Extracted records:
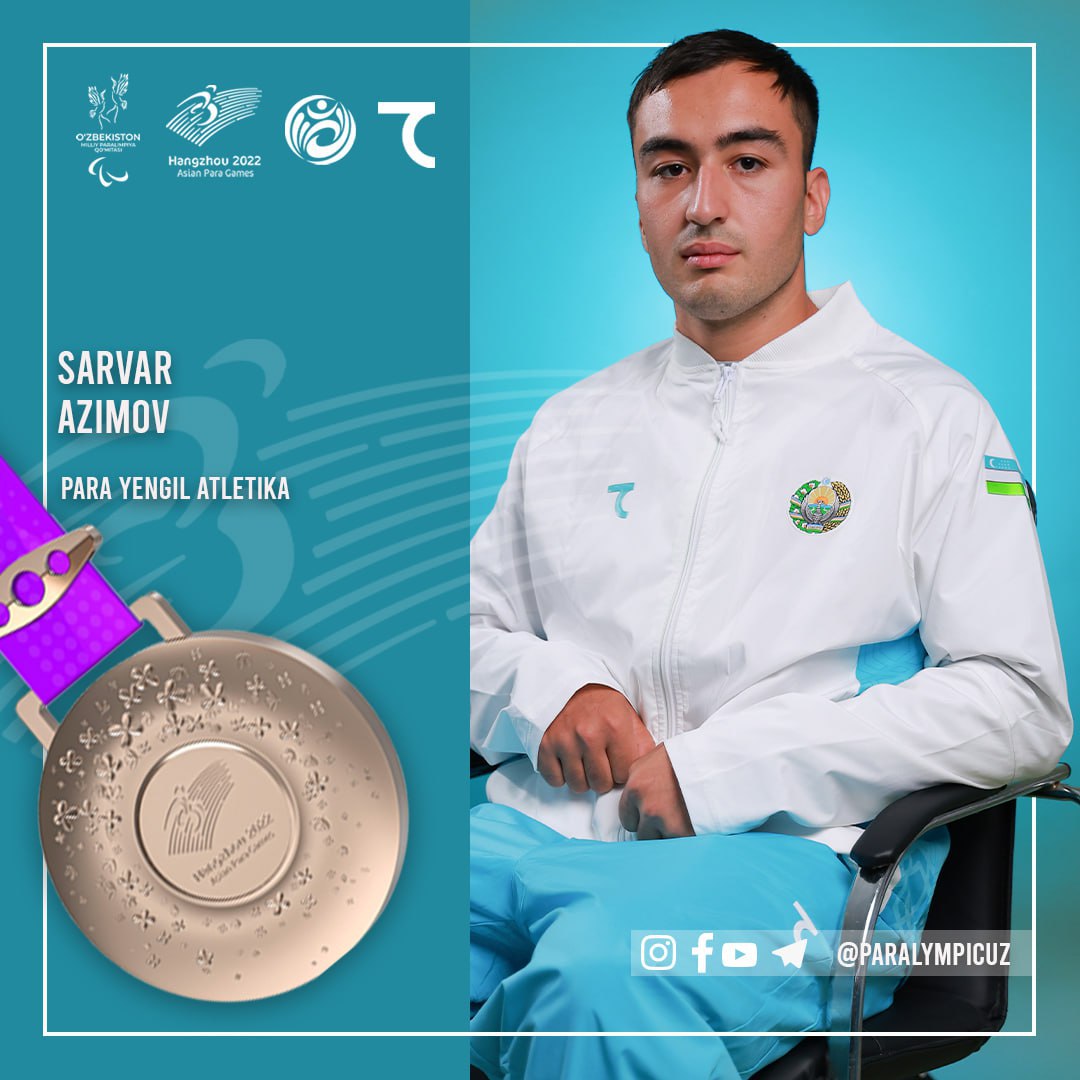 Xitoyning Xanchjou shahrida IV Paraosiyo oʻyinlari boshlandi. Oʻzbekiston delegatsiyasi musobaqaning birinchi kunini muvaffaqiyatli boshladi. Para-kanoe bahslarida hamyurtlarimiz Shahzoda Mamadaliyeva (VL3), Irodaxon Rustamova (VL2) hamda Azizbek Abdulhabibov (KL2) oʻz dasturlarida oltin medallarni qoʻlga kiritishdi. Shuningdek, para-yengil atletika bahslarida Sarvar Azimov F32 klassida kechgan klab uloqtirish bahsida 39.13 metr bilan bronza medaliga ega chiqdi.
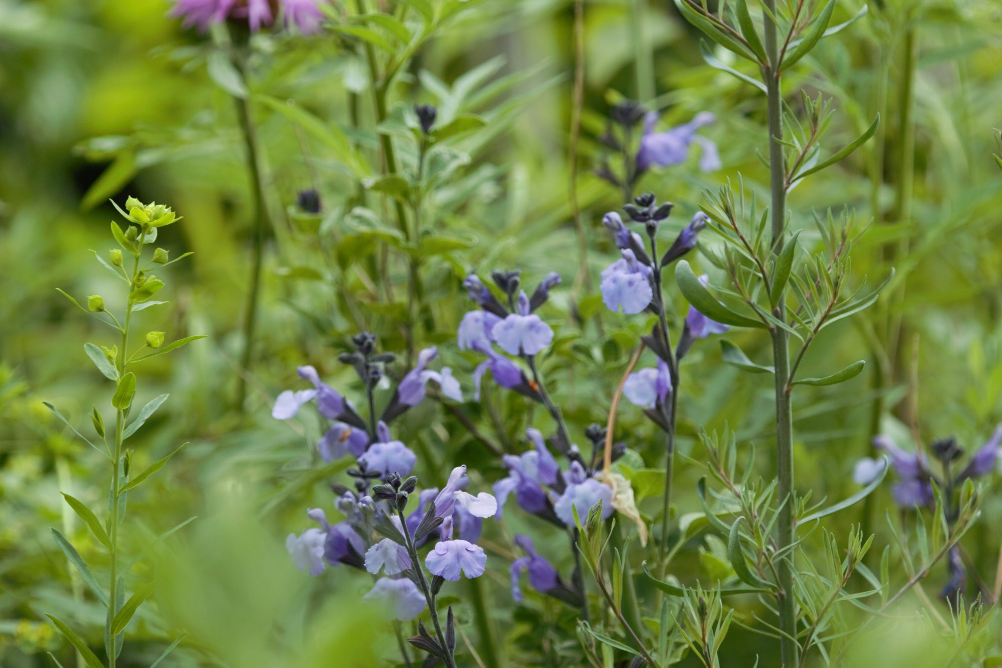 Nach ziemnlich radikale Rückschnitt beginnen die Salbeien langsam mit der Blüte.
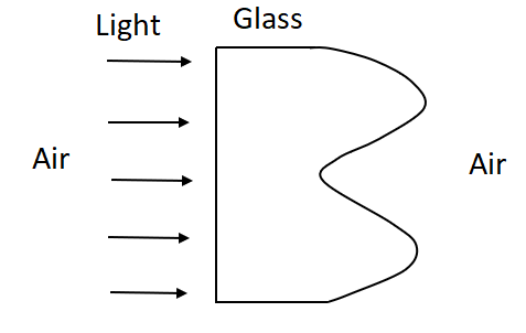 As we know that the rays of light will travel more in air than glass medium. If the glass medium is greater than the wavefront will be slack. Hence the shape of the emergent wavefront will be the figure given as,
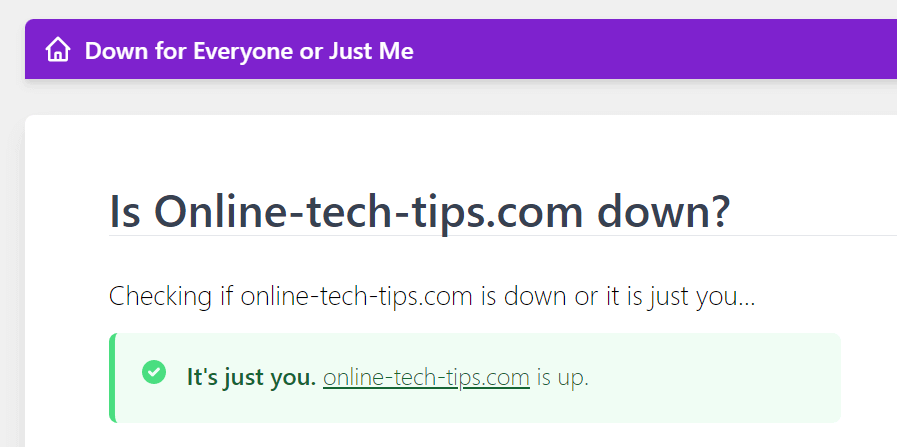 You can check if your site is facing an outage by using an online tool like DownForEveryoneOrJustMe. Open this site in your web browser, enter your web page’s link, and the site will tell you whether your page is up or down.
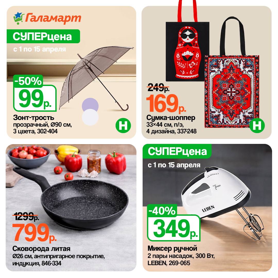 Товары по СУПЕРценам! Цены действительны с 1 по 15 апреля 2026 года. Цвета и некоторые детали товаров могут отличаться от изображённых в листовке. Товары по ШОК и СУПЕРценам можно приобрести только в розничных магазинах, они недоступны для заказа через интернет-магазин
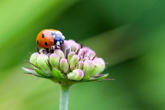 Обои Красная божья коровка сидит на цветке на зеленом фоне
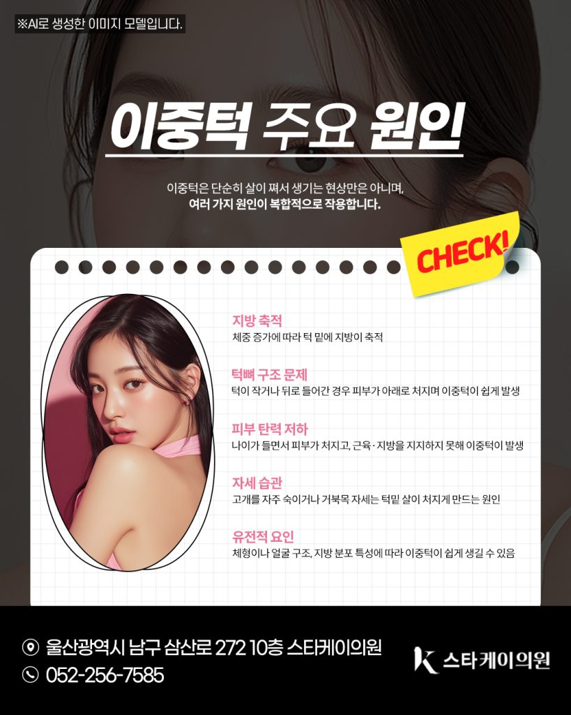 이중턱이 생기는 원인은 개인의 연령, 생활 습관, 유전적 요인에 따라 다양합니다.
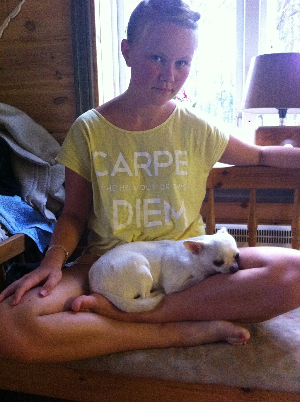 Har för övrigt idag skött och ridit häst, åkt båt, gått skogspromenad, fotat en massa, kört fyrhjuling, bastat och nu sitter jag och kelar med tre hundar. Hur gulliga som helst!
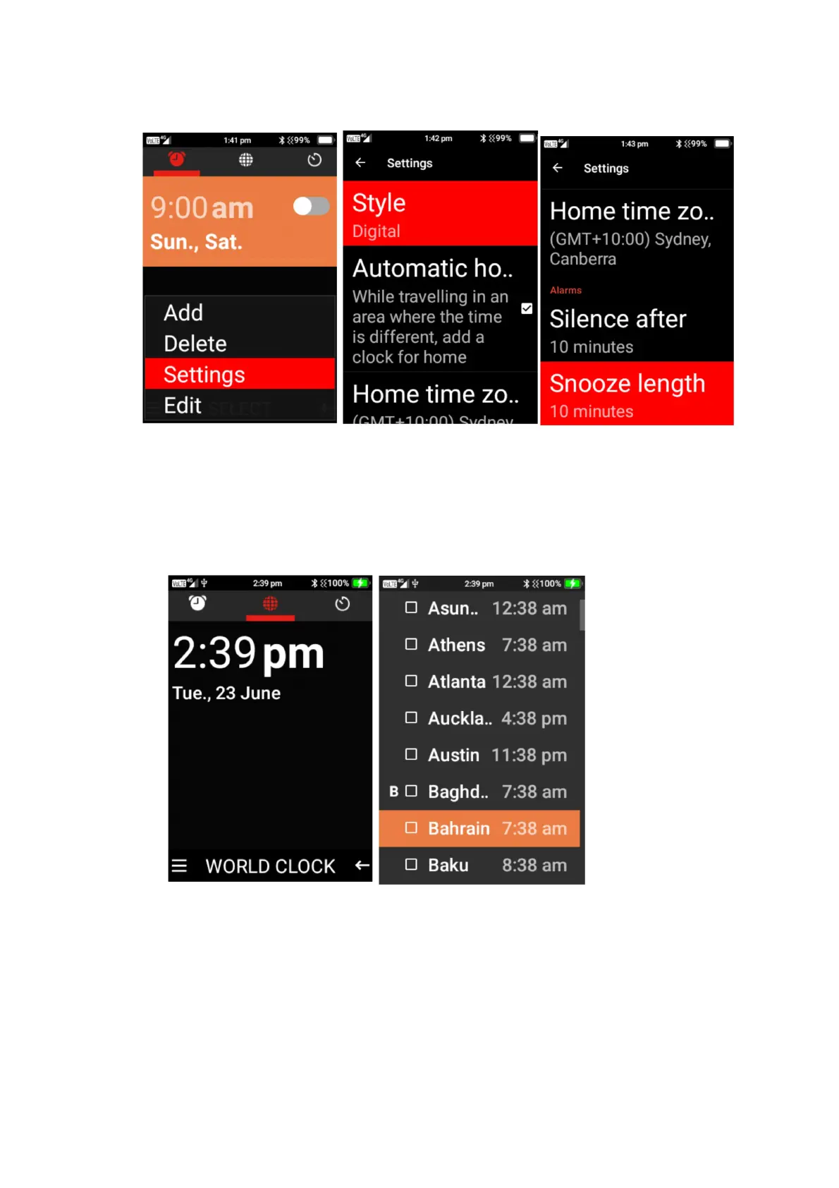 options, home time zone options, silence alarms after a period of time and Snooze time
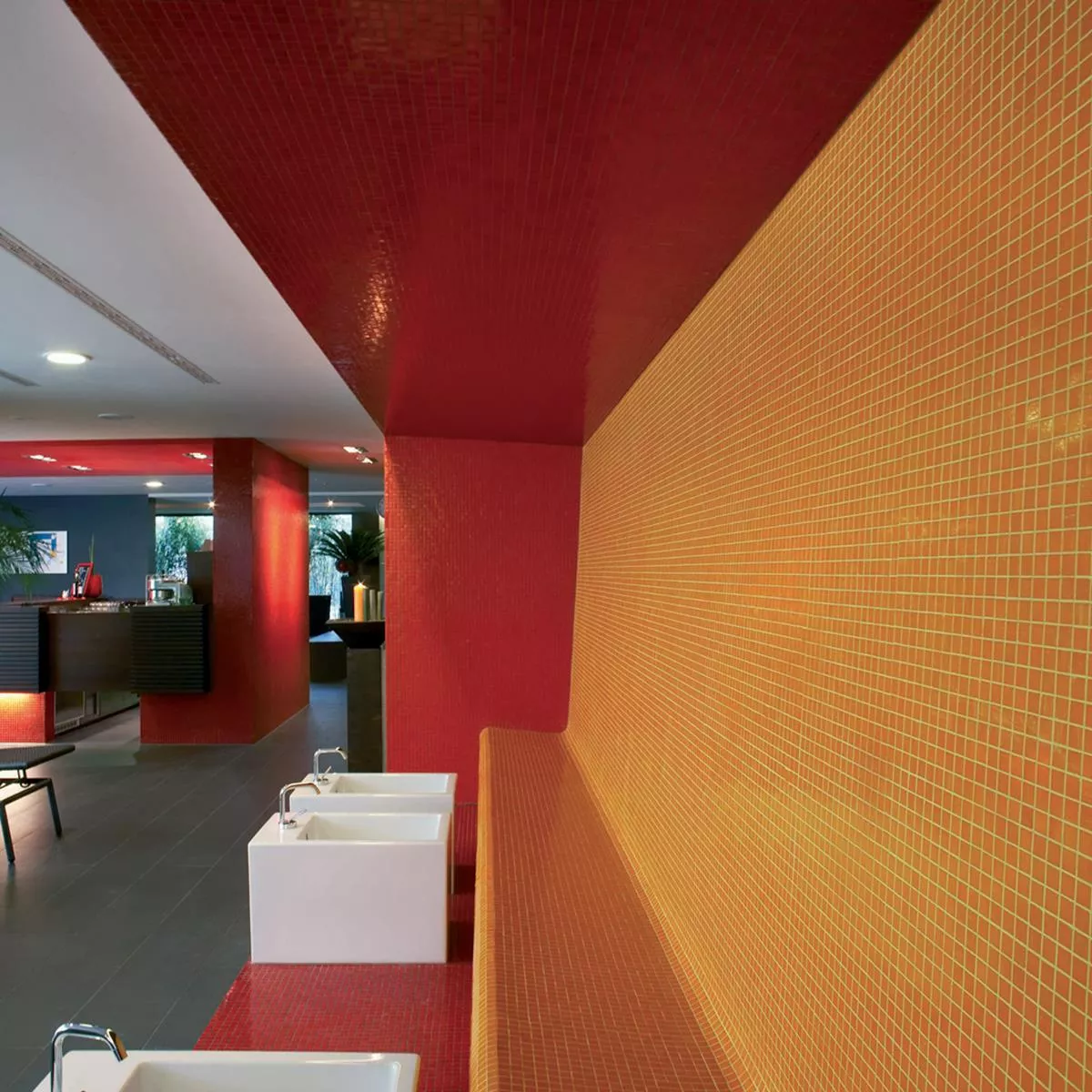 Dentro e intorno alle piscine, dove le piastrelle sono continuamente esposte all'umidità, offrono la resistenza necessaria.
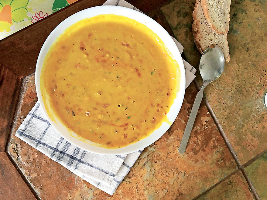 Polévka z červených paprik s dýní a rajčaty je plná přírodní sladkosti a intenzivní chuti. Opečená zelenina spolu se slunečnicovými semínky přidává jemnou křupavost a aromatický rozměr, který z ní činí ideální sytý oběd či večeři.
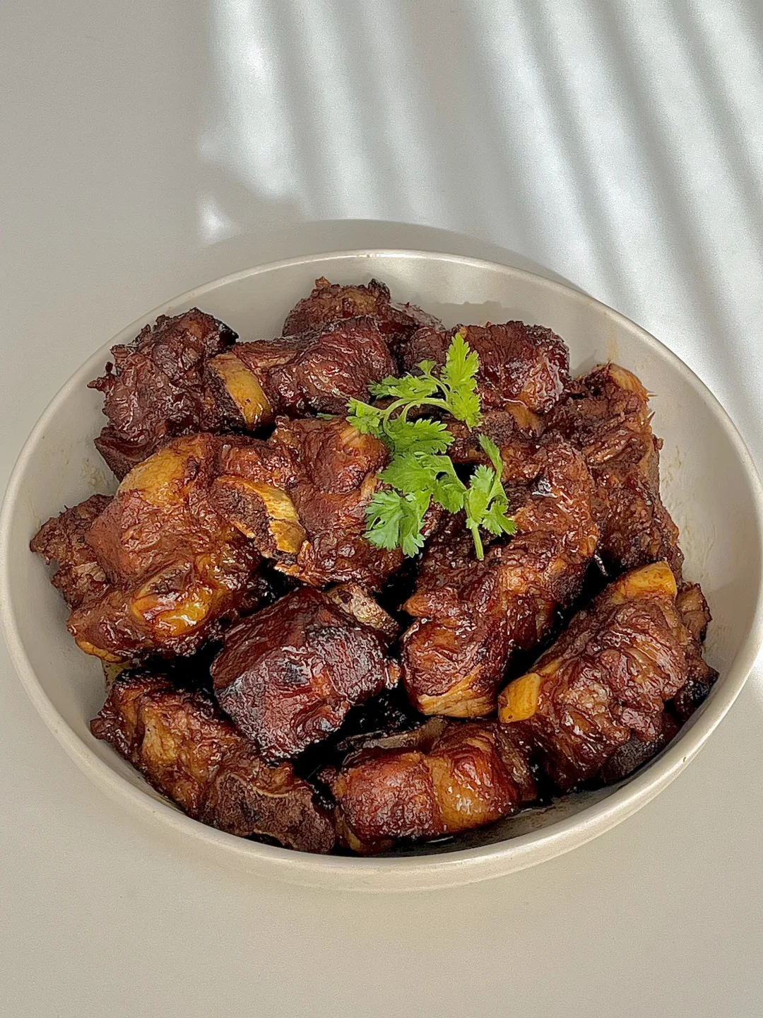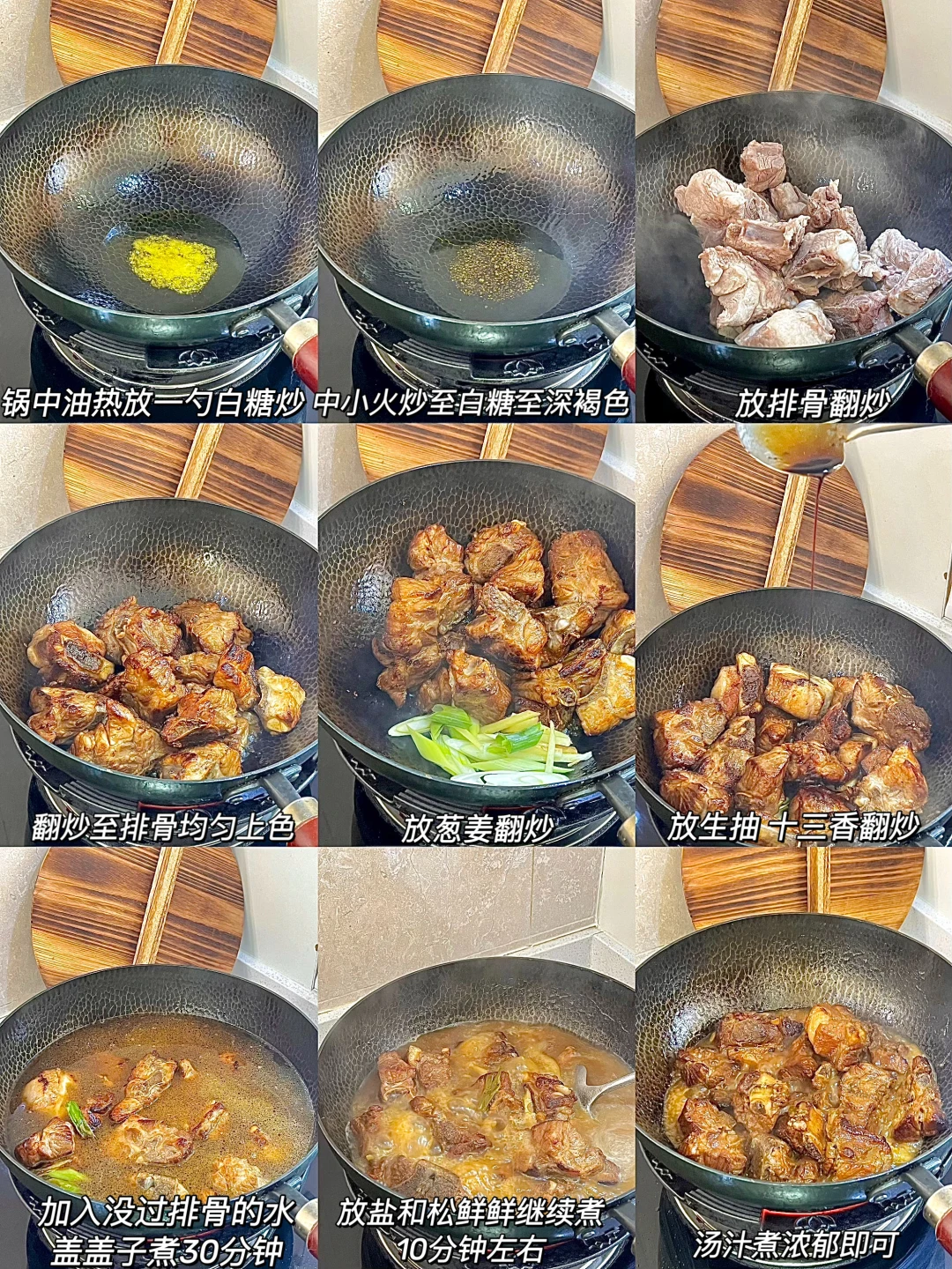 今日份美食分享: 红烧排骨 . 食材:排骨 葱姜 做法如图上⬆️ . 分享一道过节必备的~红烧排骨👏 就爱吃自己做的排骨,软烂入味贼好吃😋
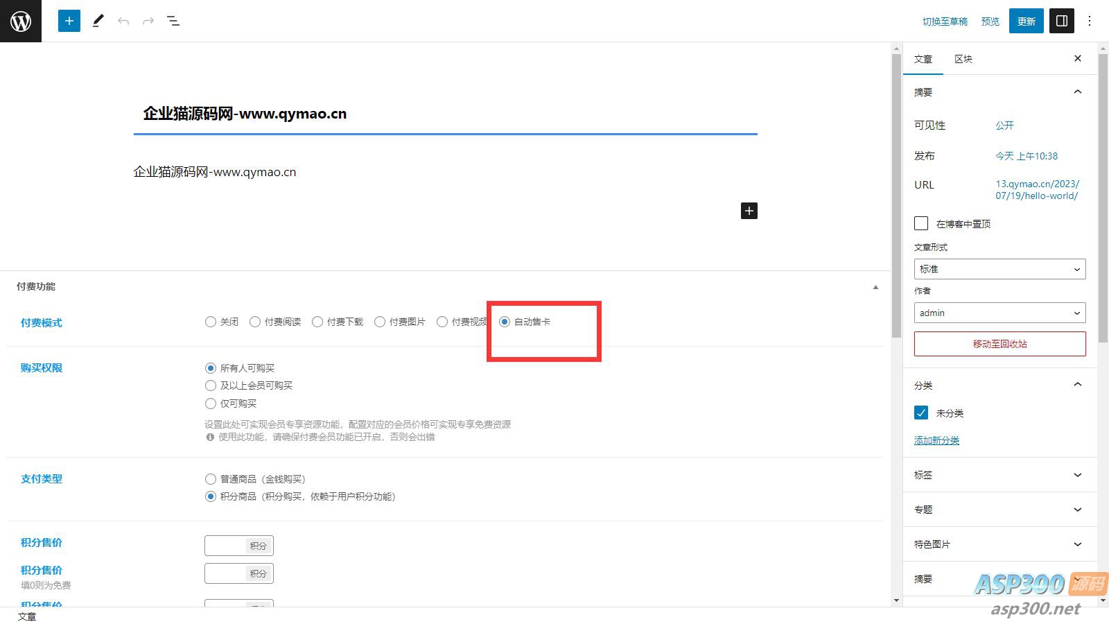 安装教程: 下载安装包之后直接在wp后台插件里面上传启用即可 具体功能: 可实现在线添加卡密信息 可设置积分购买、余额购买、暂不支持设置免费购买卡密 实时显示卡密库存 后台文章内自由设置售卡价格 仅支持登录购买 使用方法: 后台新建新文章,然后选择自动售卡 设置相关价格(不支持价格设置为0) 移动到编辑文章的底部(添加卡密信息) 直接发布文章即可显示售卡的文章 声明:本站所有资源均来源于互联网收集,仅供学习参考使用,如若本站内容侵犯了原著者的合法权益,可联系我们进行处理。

* **Exercise goal**:
All of the data above needs to be given again exactly. Leave out each image.

* **Output below**:
 Xitoyning Xanchjou shahrida IV Paraosiyo oʻyinlari boshlandi. Oʻzbekiston delegatsiyasi musobaqaning birinchi kunini muvaffaqiyatli boshladi. Para-kanoe bahslarida hamyurtlarimiz Shahzoda Mamadaliyeva (VL3), Irodaxon Rustamova (VL2) hamda Azizbek Abdulhabibov (KL2) oʻz dasturlarida oltin medallarni qoʻlga kiritishdi. Shuningdek, para-yengil atletika bahslarida Sarvar Azimov F32 klassida kechgan klab uloqtirish bahsida 39.13 metr bilan bronza medaliga ega chiqdi.
 Nach ziemnlich radikale Rückschnitt beginnen die Salbeien langsam mit der Blüte.
 As we know that the rays of light will travel more in air than glass medium. If the glass medium is greater than the wavefront will be slack. Hence the shape of the emergent wavefront will be the figure given as,
 You can check if your site is facing an outage by using an online tool like DownForEveryoneOrJustMe. Open this site in your web browser, enter your web page’s link, and the site will tell you whether your page is up or down.
 Товары по СУПЕРценам! Цены действительны с 1 по 15 апреля 2026 года. Цвета и некоторые детали товаров могут отличаться от изображённых в листовке. Товары по ШОК и СУПЕРценам можно приобрести только в розничных магазинах, они недоступны для заказа через интернет-магазин
 Обои Красная божья коровка сидит на цветке на зеленом фоне
 이중턱이 생기는 원인은 개인의 연령, 생활 습관, 유전적 요인에 따라 다양합니다.
 Har för övrigt idag skött och ridit häst, åkt båt, gått skogspromenad, fotat en massa, kört fyrhjuling, bastat och nu sitter jag och kelar med tre hundar. Hur gulliga som helst!
 options, home time zone options, silence alarms after a period of time and Snooze time
 Dentro e intorno alle piscine, dove le piastrelle sono continuamente esposte all'umidità, offrono la resistenza necessaria.
 Polévka z červených paprik s dýní a rajčaty je plná přírodní sladkosti a intenzivní chuti. Opečená zelenina spolu se slunečnicovými semínky přidává jemnou křupavost a aromatický rozměr, který z ní činí ideální sytý oběd či večeři.
 今日份美食分享: 红烧排骨 . 食材:排骨 葱姜 做法如图上⬆️ . 分享一道过节必备的~红烧排骨👏 就爱吃自己做的排骨,软烂入味贼好吃😋
 安装教程: 下载安装包之后直接在wp后台插件里面上传启用即可 具体功能: 可实现在线添加卡密信息 可设置积分购买、余额购买、暂不支持设置免费购买卡密 实时显示卡密库存 后台文章内自由设置售卡价格 仅支持登录购买 使用方法: 后台新建新文章,然后选择自动售卡 设置相关价格(不支持价格设置为0) 移动到编辑文章的底部(添加卡密信息) 直接发布文章即可显示售卡的文章 声明:本站所有资源均来源于互联网收集,仅供学习参考使用,如若本站内容侵犯了原著者的合法权益,可联系我们进行处理。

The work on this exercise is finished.